The Pittsburgh Press (December 13, 1937)
Of 65 aboard gunboat, all but 9 are missing – merchant ships also wrecked
By Edward W. Beattie, United Press staff writer
Shanghai, China –
The U.S. gunboat Panay was sunk by Japanese bombing planes near Nanking yesterday. Three U.S. merchant ships, Standard Oil Company vessels, were sunk or destroyed.
It was not yet determined how many Americans were killed or wounded. At least one U.S. sailor was killed.
Only nine Americans of the crews and refugees aboard the gunboat Panay had been accounted for tonight.
Others of the estimated 65-70 men aboard the warship may have reached places of safety, but the British gunboat Bee reported that it had picked up only seven survivors and said two others were safe ashore.
Reports were received here that 54 survivors had reached Hohsien and were safe in a mission, but that could not be confirmed nor was there any report as to whether their number included injured men.
The Standard Oil Company said in New York all its men were accounted for with the exception of Capt. C. H. Carlsen of Connecticut, commander of the Mei Ping. The Socony-Vacuum Company announced in New York that it had received private cable advices indicating that 96 persons were killed in the bombings of the American ships.
Only launch found
The Bee, which raced to the rescue after the bombings early Sunday, found only a launch stuck in the mud to tell of the Panay’s fate. The gunboat had been sunk without a trace, but it was believed it went down fighting since orders had been issued to repulse any attack with fire.
Five of those picked up by the Bee were members of the Panay crew and two were civilians.

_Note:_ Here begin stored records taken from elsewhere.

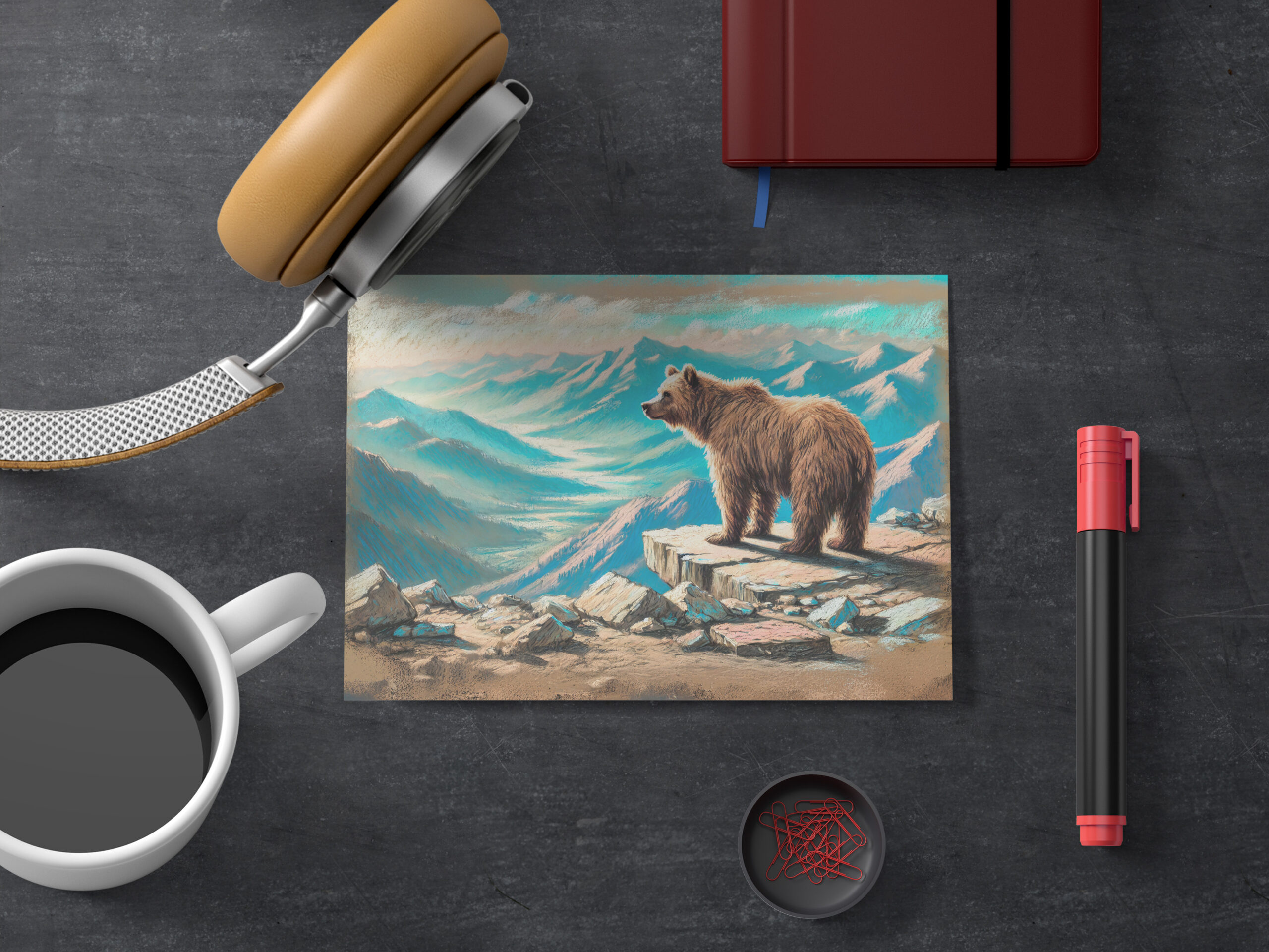 raxxa Postkarte: Brown Bear on Mountain Pastel Chalk Scene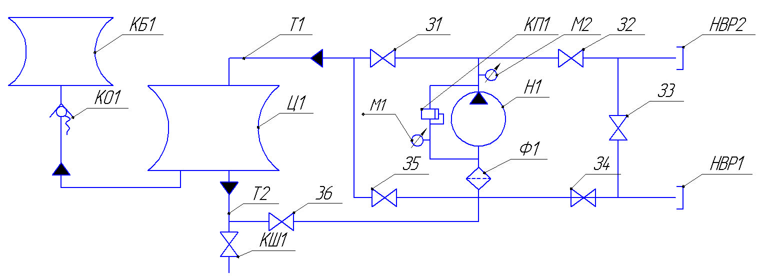 Ц1- цистерна; З1-З6 – задвижки; КШ1 – шаровый кран; НВР1,НВР2 – напорно-всасывающие рукава; Т1 - трубопровод для наполнения; Т2 – трубопровод для опорожнения; Н1 – насос; КБ1 – компенсационный бачек; КО1 – обратный клапан регулируемый; КП – перепускной клапан; Ф1 –фильтр грубой очистки; М1, М2 – манометр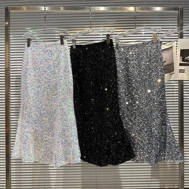 여자 봄과 가을 새로운 스타일 샤넬 스타일 스커트 한국 스타일 전체 길이 스팽글 중간 길이 유행 피쉬 테일 스커트 힙 스커트스토어 가기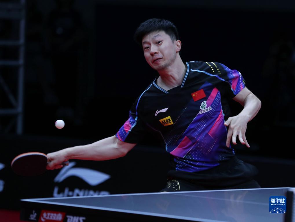 9月10日,馬龍在比賽中回球。新華社發(fā)(李相浩攝)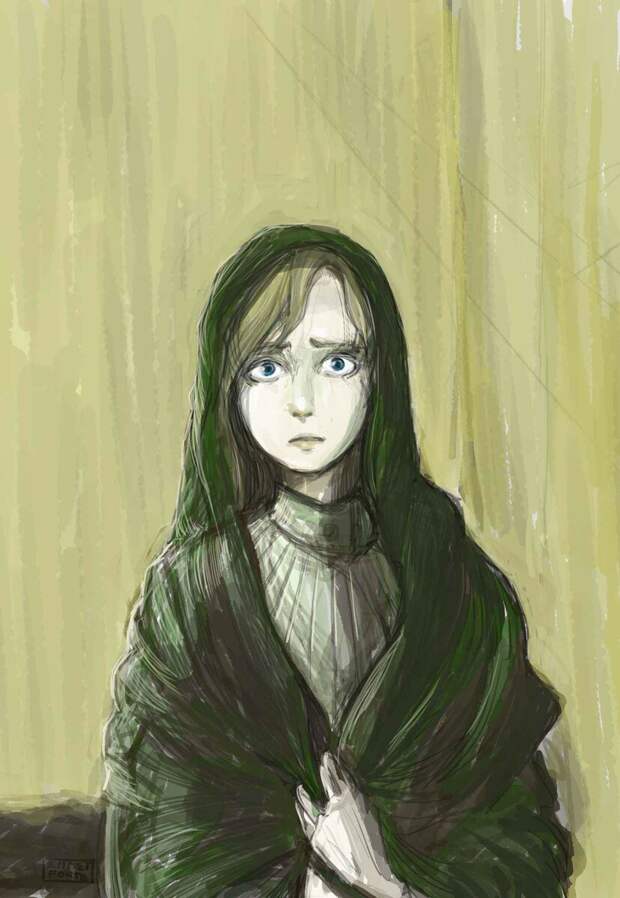 «Ее даже нельзя было назвать и хорошенькою, но зато голубые глаза ее были такие ясные, и, когда оживлялись они, выражение лица ее становилось такое доброе и простодушное, что невольно привлекало к ней».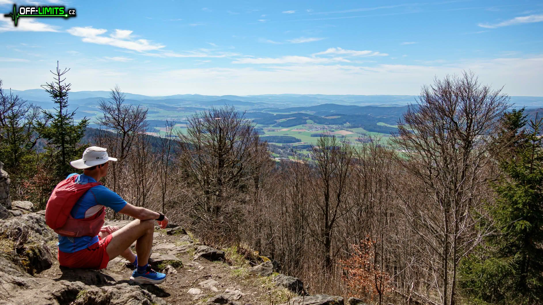 Na Velký pátek jsme ráno přejeli autem k zatopenému lomu Lomeček u obce Starý Klíčov. Zatímco ostatní obdivovali podvodní svět skrz pozorovatelnu, já jsem po obhlédnutí lomu vyrazil na celodenní běh. Po modré značce jsem přeběhl k obci Nový Klíčov, kde se mi otevřely první výhledy jak na pohoří Českého lesa, tak i na Bavorský les (německou část Šumavy - Böhmerwald). Odbočil jsem na červenou značku a přes osadu Studánky seběhl do obce Všeruby nedaleko státní hranice. Tou dobou už bylo příjemně teplo, takže jsem sundal dlouhé oblečení, schoval ho do batohu a dál pokračoval v krátkém.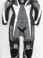 Zweiteiler in Grau / Schwarz / Silber aus Rindsleder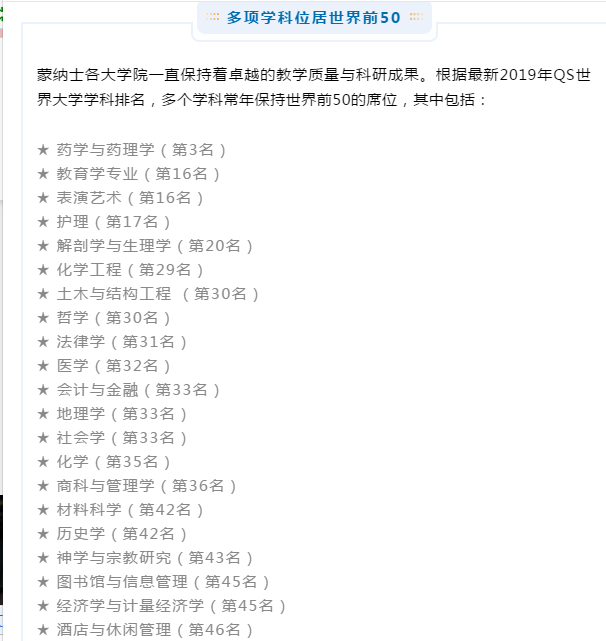 蒙纳士大学是澳大利亚八校联盟成员大学(Group of Eight)之一。这所久负盛名的世界名校,一直保持着卓越的教学质量与科研成果,其教学和科研均获得国际高度认可,使得蒙纳士大学常年稳居全球大学百强之列!

In addition to the Panay and Standard Oil boats, four British gunboats and tow tugs were attacked. A British seaman was killed on the gunboat Ladybird.
American seaman killed
It was officially announced that one seaman was killed on the Panay. Lt. Cdr. J. J. Hughes, the master, received a broken leg. Lt. A. F. Anders, executive officer, was wounded, as was E. P. Gassie, clerk in the U.S. Embassy at Nanking.
In addition to a crew of about 50, at least 15 civilians including 10 or more Americans, were on the Panay.
It was believed the Panay went down fighting. Since mid-August, both British and U.S. warships have been ordered to fire on any airplane coming too close, so it was assumed that the Panay used its anti-aircraft guns when the Japanese airplanes dived at it repeatedly, dropping bombs.
The British gunboats which were attacked also fought back.
Attacked four times
The Panay and the Standard Oil boats, anchored alongside, were attacked four times. Three planes in each attack plunged down in power dives. The fourth attack, it was said, came nearly three hours after the first, when the stricken ships were either sunk or beached, one of them in flames.
No details of the attacks were received until today, but disaster was feared when the Panay’s radio, sending to her sister ship Luzon, suddenly ceased at 1:25 p.m. yesterday, when it was first attacked.
The Bee, its own decks scarred by the Japanese attack, raced down the river to the village of Hohsien, where most of the survivors were believed to have been landed.
When she arrived, the Panay and the Standard Oil boat Mei Ping had vanished. The Standard Oil boat Mei Hsia was burning at a wharf. The Mei An was beached and deserted.
Four lighted on bank
There was no sign of survivors. After a search, the Bee sighted four men plodding along the bank. They were:
- J. V. Pickering of Cadiz, Ohio, Nanking manager of Standard Oil;
- CMM Vernon F. Puckett of the Panay;
- MM William T. Hoyle of the Panay,
- …and a Chinese servant.
They said 12 foreigners were walking along the south bank, hoping to reach foreign warships, and that surviving officers and men were on the north bank, presumably at Hohsien.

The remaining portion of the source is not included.